NEW ORLEANS (Louisiana Record) — Metairie attorney Amy Elizabeth Bateman faces possible suspension and probation following a recommendation issued Aug. 22 by a Louisiana Attorney Disciplinary Board (LADB) hearing committee over her DUI arrest early in 2018.
Members of LADB hearing committee No. 8 recommended that the Louisiana Supreme Court suspend Bateman for a year and a day, with all but 90 days deferred, and place her on a year's conditional probation, according to the committee's 10-page recommendation. Conditions of Bateman's probation would include completion of the judges and lawyers assistance program one-day interdisciplinary inpatient assessment, according to the recommendation.
The recommendation was signed Aug. 14 by committee chair Terrance A. Prout and was issued eight days later. Attorney member Darryl J. Foster and public member Vickie E. Shreves concurred in the recommendation.

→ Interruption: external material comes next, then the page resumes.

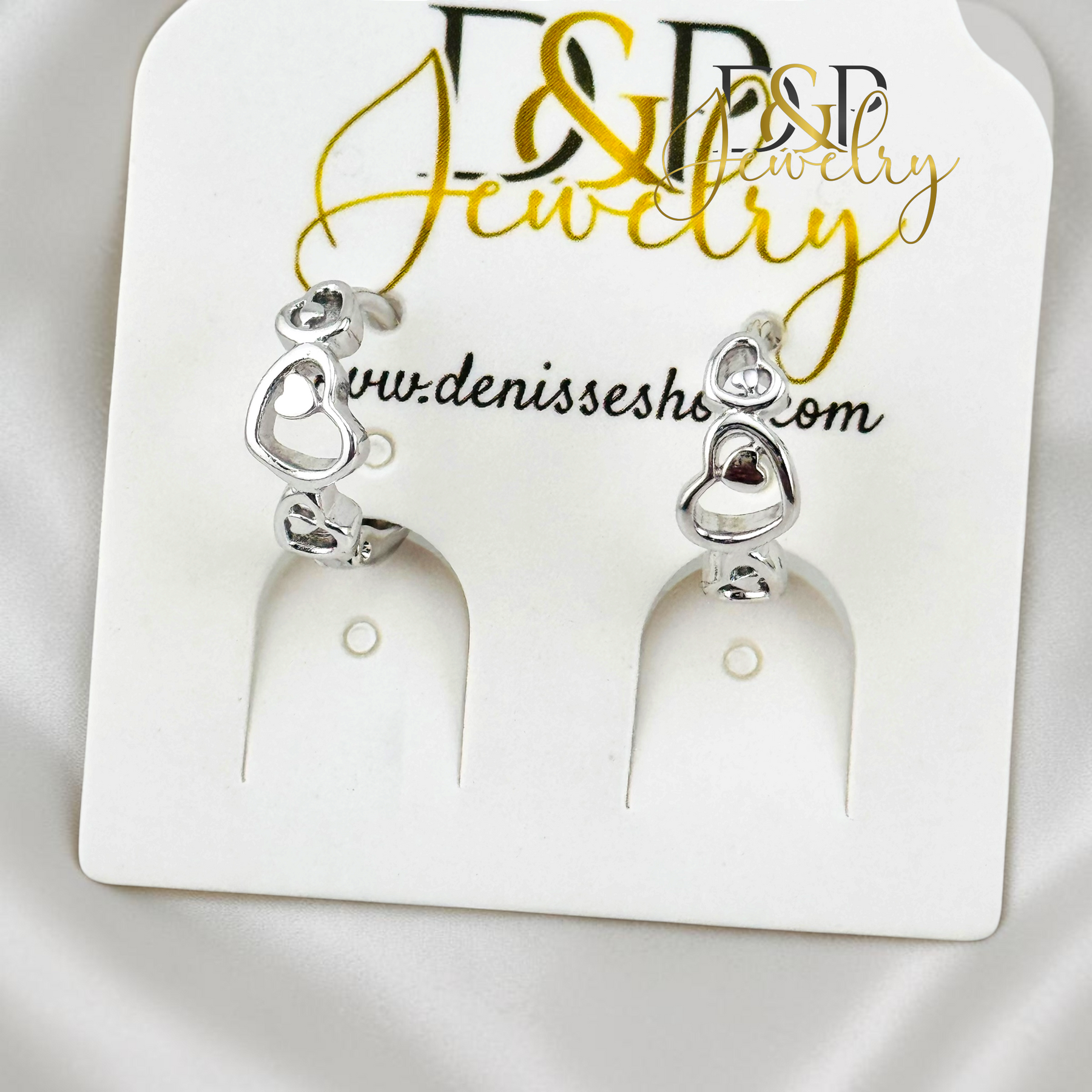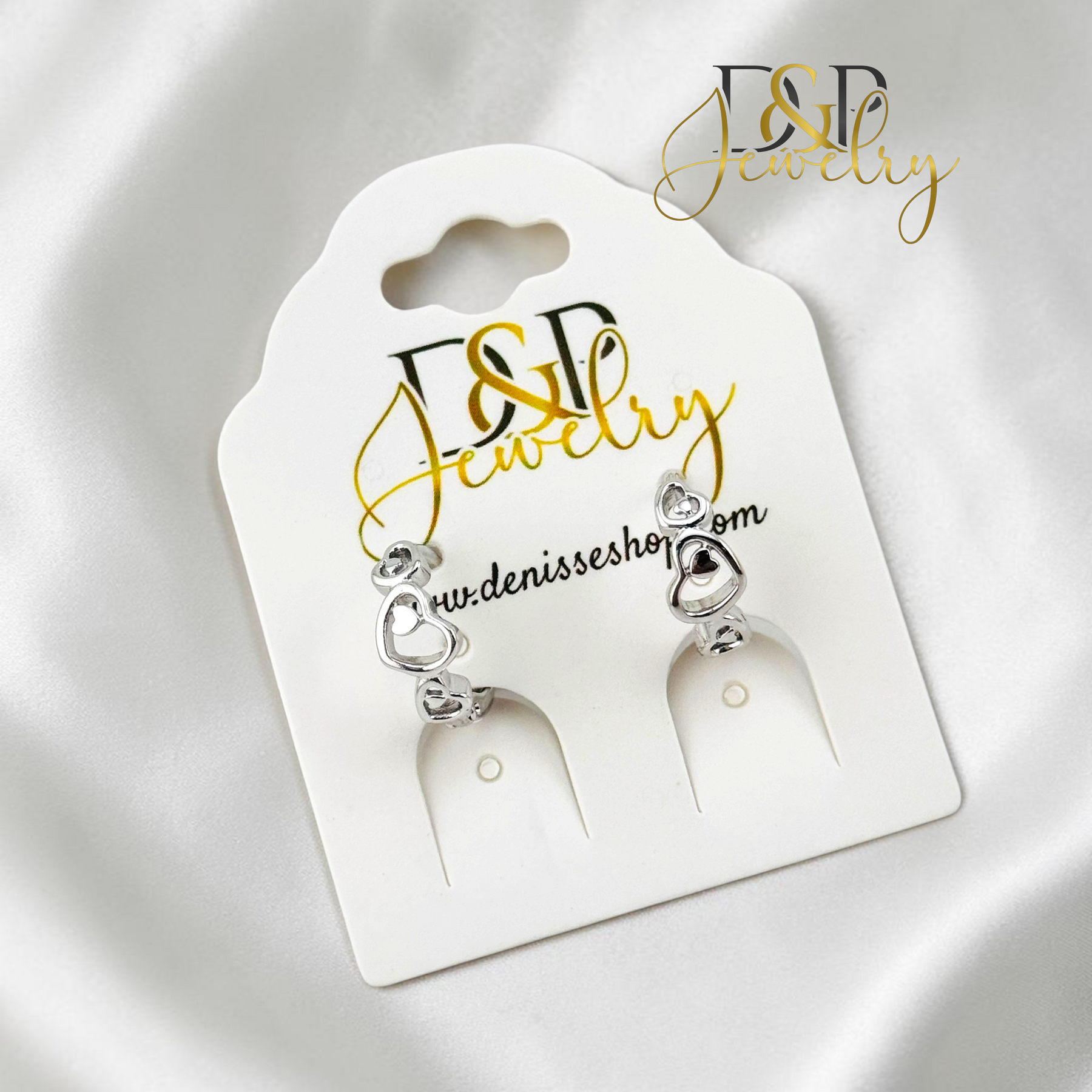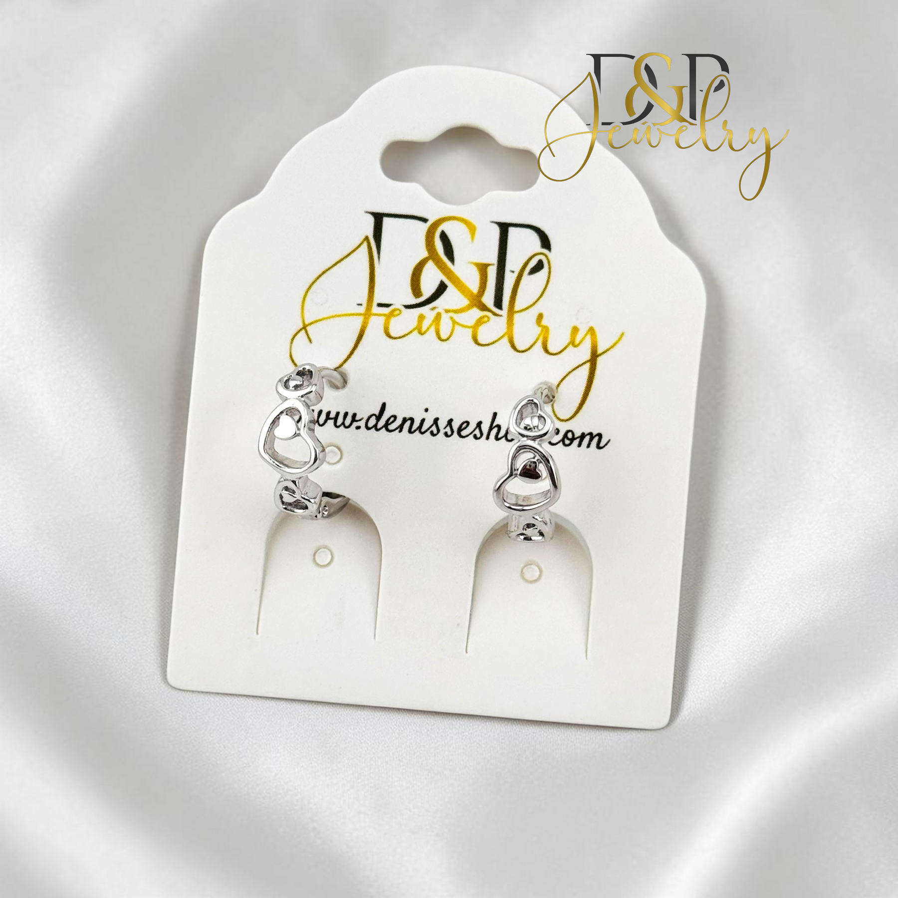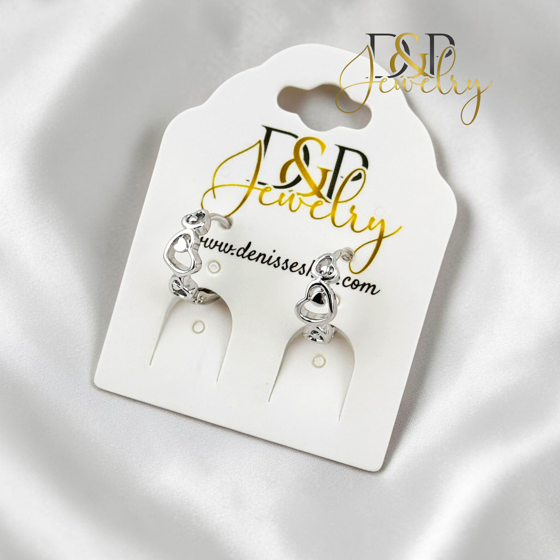 14K WHITE GOLD PLAIN HEART LINKS HOOP EARRING HP106

Bateman was admitted to the bar in Louisiana on Oct. 28, 2005, according to her profile at the Louisiana State Bar Association’s website. No prior discipline before the state bar is listed in Bateman's profile and a search of the LADB's online database of disciplinary decisions and rulings.
Allegations against Bateman stem from her vehicle being found crashed into a utility pole on Veterans Memorial Boulevard in Jefferson Parish late at night in February 2018, according to the recommendation. Bateman's 9-year-old daughter was in the vehicle at the time, according to recommendation.
After "she performed poorly" in a field sobriety test, Bateman was arrested on charges of driving while intoxicated, failure to maintain control and having an expired registration certificate. A breathalyzer exam turned up a blood alcohol content of .117, nearly one and a half times the legal limit, the recommendation notes.
Bateman later completed the Jefferson Parish District Attorney's Office diversionary program for first offense DUI, according to the recommendation.
During disciplinary proceedings, Bateman was alleged to have violated professional conduct rules, including those regarding committing a criminal act and knowingly engaging in conduct involving dishonestly, fraud, deceit or misrepresentation.